» **EXERCISE OBJECTIVE**:
The answer must be an exact copy of the entries that follow, with all images removed.
_____
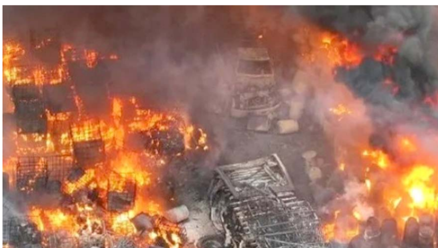
Hasta el momento se desconocen las causas que originaron el siniestro.

Como medida preventiva, se procedió al desalojo de zonas aledañas donde se ubican comercios y algunas viviendas.
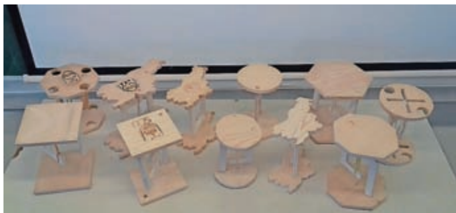
Lebdeče mizice – izdelki učencev na tekmovanju Krošnja idej
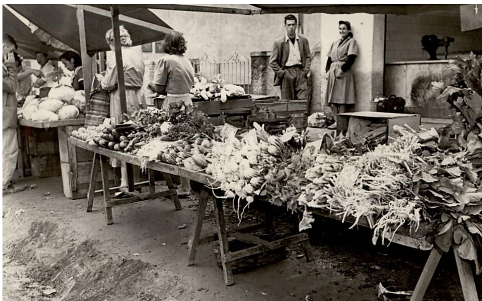
Figura 3 - Barraca típica de feiras livres - Cidade de São Paulo, década de 1950.

As feiras livres na cidade de São Paulo, funcionam desde o século XVII, mas foram devidamente formalizadas apenas no século XX. Inicialmente, havia uma oficialização para venda de produtos da terra, como hortaliças e peixes, em um local pré-determinado (Figura 3). O ano de 1948, é criada uma lei que determina uma feira semanal para cada bairro da cidade (BRASIL, Prefeitura de São Paulo, 2017).
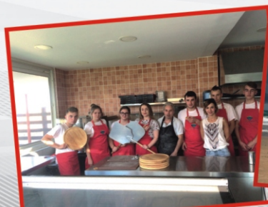
Staż w Grecji
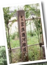
1975年に開園した「京浜運河緑道公園」。
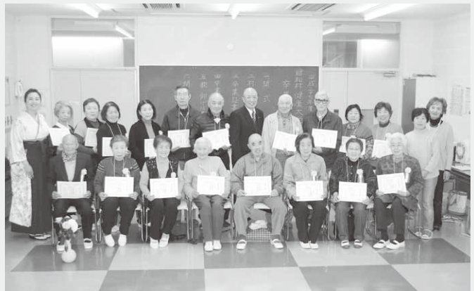
卒業を迎えた健康大学生の皆さん

卒業式では、修了を迎えた大学生18人に堤村長から卒業証書が手渡され、卒業生全員がそれぞれ健康大学での思い出を振り返り、今後の目標を発表しました。
_____
» **RESPONSE FOR THIS EXERCISE**:
Hasta el momento se desconocen las causas que originaron el siniestro.

Como medida preventiva, se procedió al desalojo de zonas aledañas donde se ubican comercios y algunas viviendas.
Lebdeče mizice – izdelki učencev na tekmovanju Krošnja idej
Figura 3 - Barraca típica de feiras livres - Cidade de São Paulo, década de 1950.

As feiras livres na cidade de São Paulo, funcionam desde o século XVII, mas foram devidamente formalizadas apenas no século XX. Inicialmente, havia uma oficialização para venda de produtos da terra, como hortaliças e peixes, em um local pré-determinado (Figura 3). O ano de 1948, é criada uma lei que determina uma feira semanal para cada bairro da cidade (BRASIL, Prefeitura de São Paulo, 2017).
Staż w Grecji
1975年に開園した「京浜運河緑道公園」。
卒業を迎えた健康大学生の皆さん

卒業式では、修了を迎えた大学生18人に堤村長から卒業証書が手渡され、卒業生全員がそれぞれ健康大学での思い出を振り返り、今後の目標を発表しました。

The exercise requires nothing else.